### LISTED ENTRIES
__________

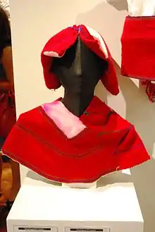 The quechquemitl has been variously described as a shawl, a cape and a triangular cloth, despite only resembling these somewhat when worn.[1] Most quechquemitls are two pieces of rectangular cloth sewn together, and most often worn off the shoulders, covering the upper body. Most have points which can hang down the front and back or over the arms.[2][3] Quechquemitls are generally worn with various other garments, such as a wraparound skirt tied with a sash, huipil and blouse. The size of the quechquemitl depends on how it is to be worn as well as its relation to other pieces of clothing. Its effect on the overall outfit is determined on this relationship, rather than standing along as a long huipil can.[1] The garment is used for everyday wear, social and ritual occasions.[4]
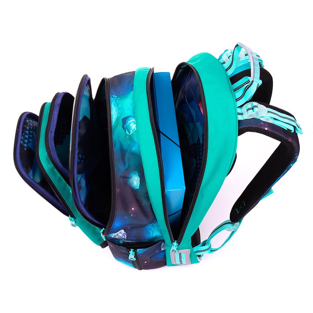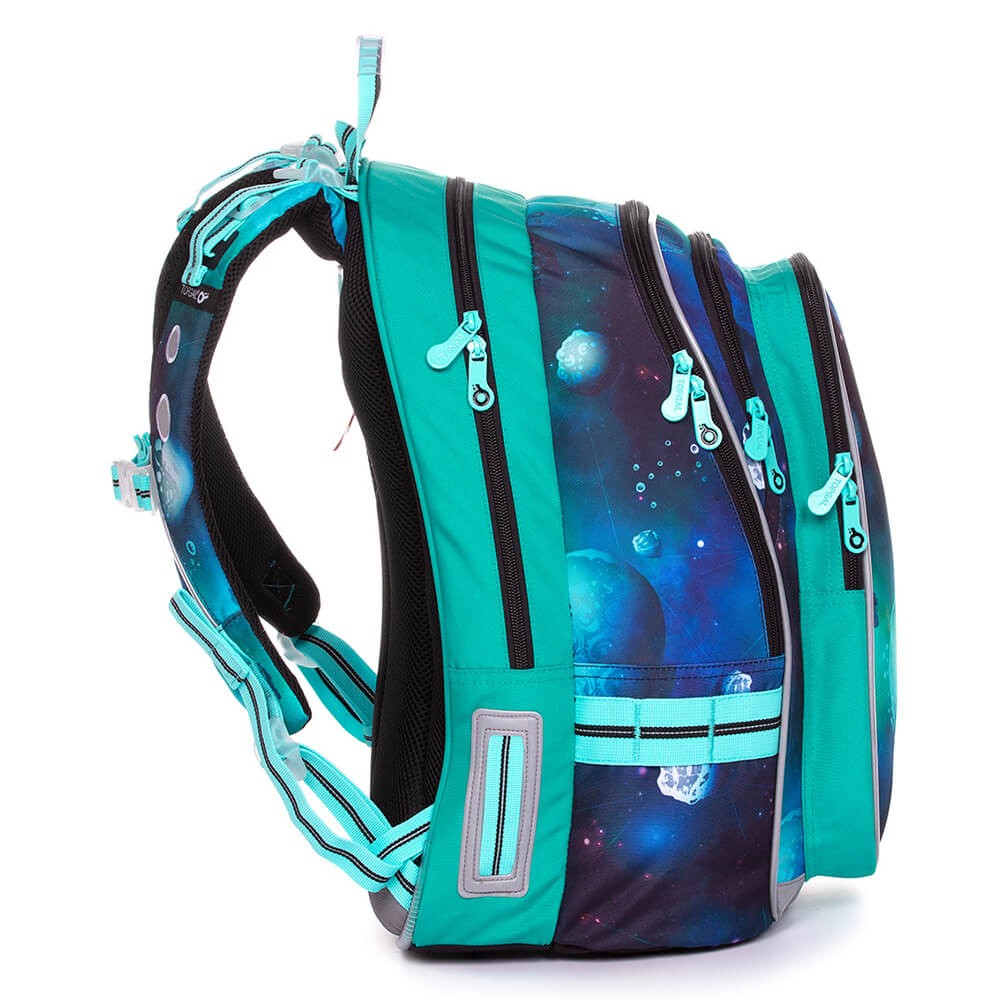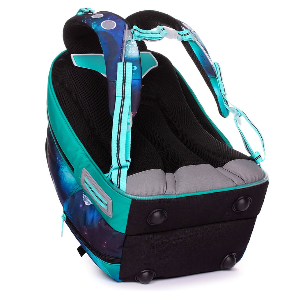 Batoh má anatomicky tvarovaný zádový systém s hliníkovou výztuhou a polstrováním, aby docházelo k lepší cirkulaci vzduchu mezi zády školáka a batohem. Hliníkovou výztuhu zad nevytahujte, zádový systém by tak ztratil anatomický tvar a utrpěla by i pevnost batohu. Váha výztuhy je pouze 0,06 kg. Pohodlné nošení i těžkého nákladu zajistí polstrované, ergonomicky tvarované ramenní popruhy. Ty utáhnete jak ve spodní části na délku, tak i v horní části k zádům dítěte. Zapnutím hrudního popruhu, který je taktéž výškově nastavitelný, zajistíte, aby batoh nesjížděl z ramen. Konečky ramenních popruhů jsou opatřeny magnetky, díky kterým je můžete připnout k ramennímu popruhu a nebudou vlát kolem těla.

__________

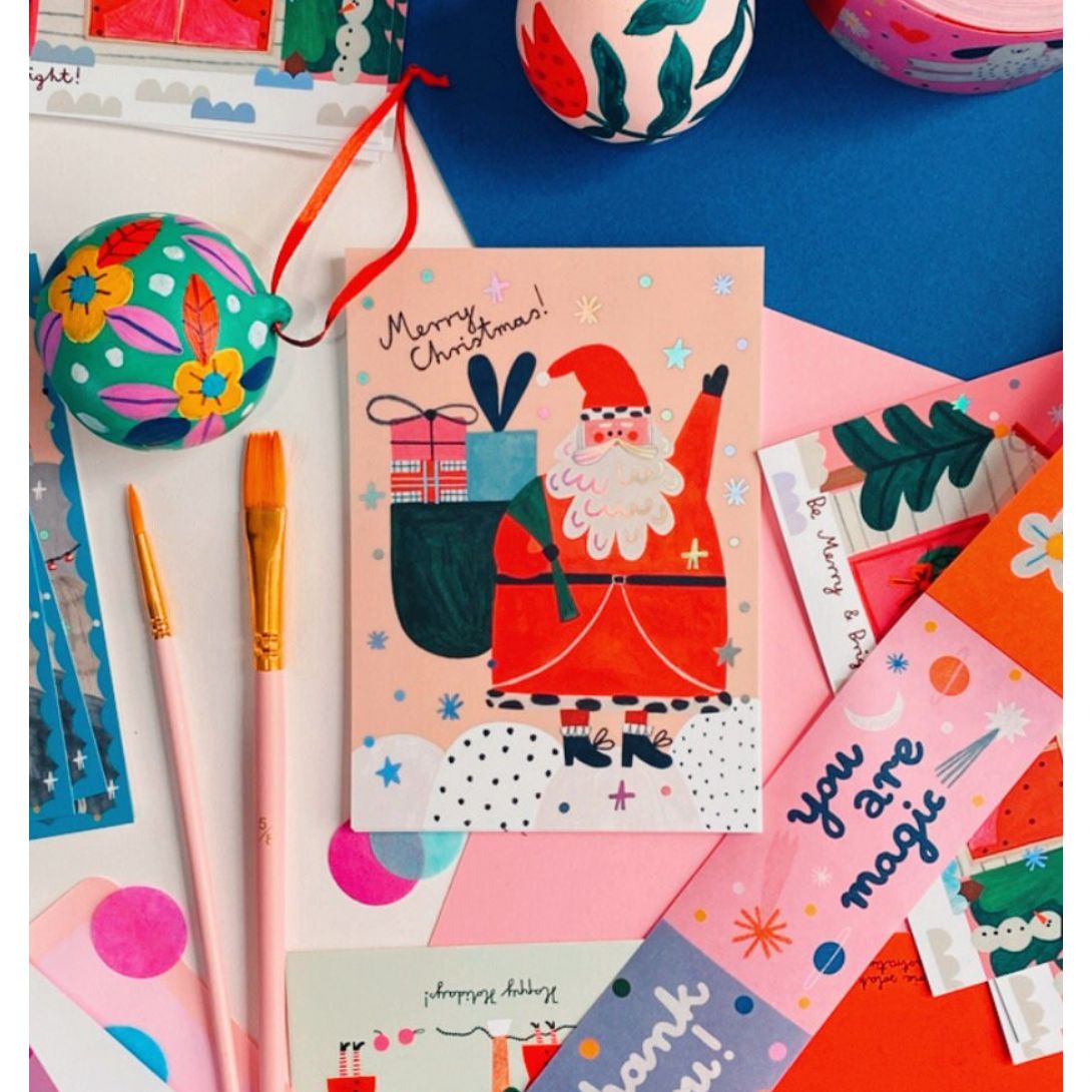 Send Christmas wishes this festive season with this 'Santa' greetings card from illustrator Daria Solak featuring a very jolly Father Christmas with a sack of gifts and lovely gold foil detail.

__________

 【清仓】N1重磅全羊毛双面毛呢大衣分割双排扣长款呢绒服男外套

__________

Starting at the line containing "The quechquemitl has" and finishing at the line containing "Batoh má anatomicky", return those lines exactly as they appear above, without the pictures.

### RESULT
 The quechquemitl has been variously described as a shawl, a cape and a triangular cloth, despite only resembling these somewhat when worn.[1] Most quechquemitls are two pieces of rectangular cloth sewn together, and most often worn off the shoulders, covering the upper body. Most have points which can hang down the front and back or over the arms.[2][3] Quechquemitls are generally worn with various other garments, such as a wraparound skirt tied with a sash, huipil and blouse. The size of the quechquemitl depends on how it is to be worn as well as its relation to other pieces of clothing. Its effect on the overall outfit is determined on this relationship, rather than standing along as a long huipil can.[1] The garment is used for everyday wear, social and ritual occasions.[4]
 Batoh má anatomicky tvarovaný zádový systém s hliníkovou výztuhou a polstrováním, aby docházelo k lepší cirkulaci vzduchu mezi zády školáka a batohem. Hliníkovou výztuhu zad nevytahujte, zádový systém by tak ztratil anatomický tvar a utrpěla by i pevnost batohu. Váha výztuhy je pouze 0,06 kg. Pohodlné nošení i těžkého nákladu zajistí polstrované, ergonomicky tvarované ramenní popruhy. Ty utáhnete jak ve spodní části na délku, tak i v horní části k zádům dítěte. Zapnutím hrudního popruhu, který je taktéž výškově nastavitelný, zajistíte, aby batoh nesjížděl z ramen. Konečky ramenních popruhů jsou opatřeny magnetky, díky kterým je můžete připnout k ramennímu popruhu a nebudou vlát kolem těla.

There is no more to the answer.